◆ **ABOUT THIS TASK**:
Quote the data below in full, minus the images.

-------- DATASET EXTRACT --------

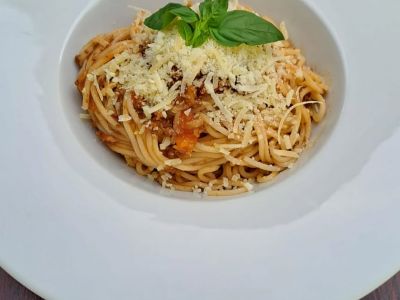 Spaghetti con Polpette (Spaghetti v krémové rajčatové omáčce s masovými koulemi, parmazán)
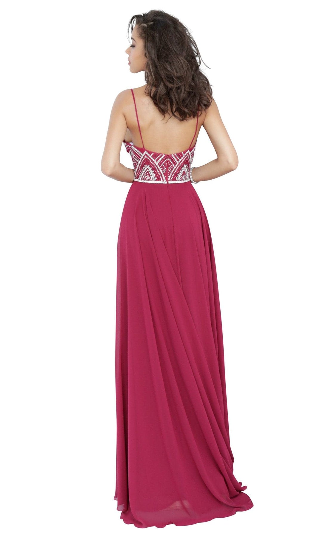 Look marvellous in this perfectly designed dress by JVN by Jovani. The evening gown features a V-neckline supported by thin spaghetti straps that open to a low-cut back. Detailed with intricate stone accents, the fitted bodice glides down through a fitted waist to an A-line silhouette skirt with floor-length hemline that ends with a sweep train.
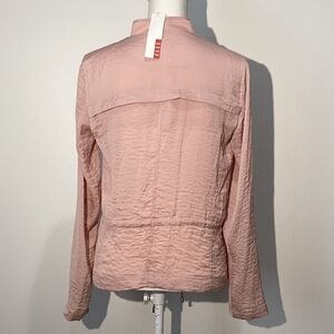 Chic utility jacket with ruffle detail. Light pink hue. Stylish and versatile.

--------

◆ **EXPECTED ANSWER**:
 Spaghetti con Polpette (Spaghetti v krémové rajčatové omáčce s masovými koulemi, parmazán)
 Look marvellous in this perfectly designed dress by JVN by Jovani. The evening gown features a V-neckline supported by thin spaghetti straps that open to a low-cut back. Detailed with intricate stone accents, the fitted bodice glides down through a fitted waist to an A-line silhouette skirt with floor-length hemline that ends with a sweep train.
 Chic utility jacket with ruffle detail. Light pink hue. Stylish and versatile.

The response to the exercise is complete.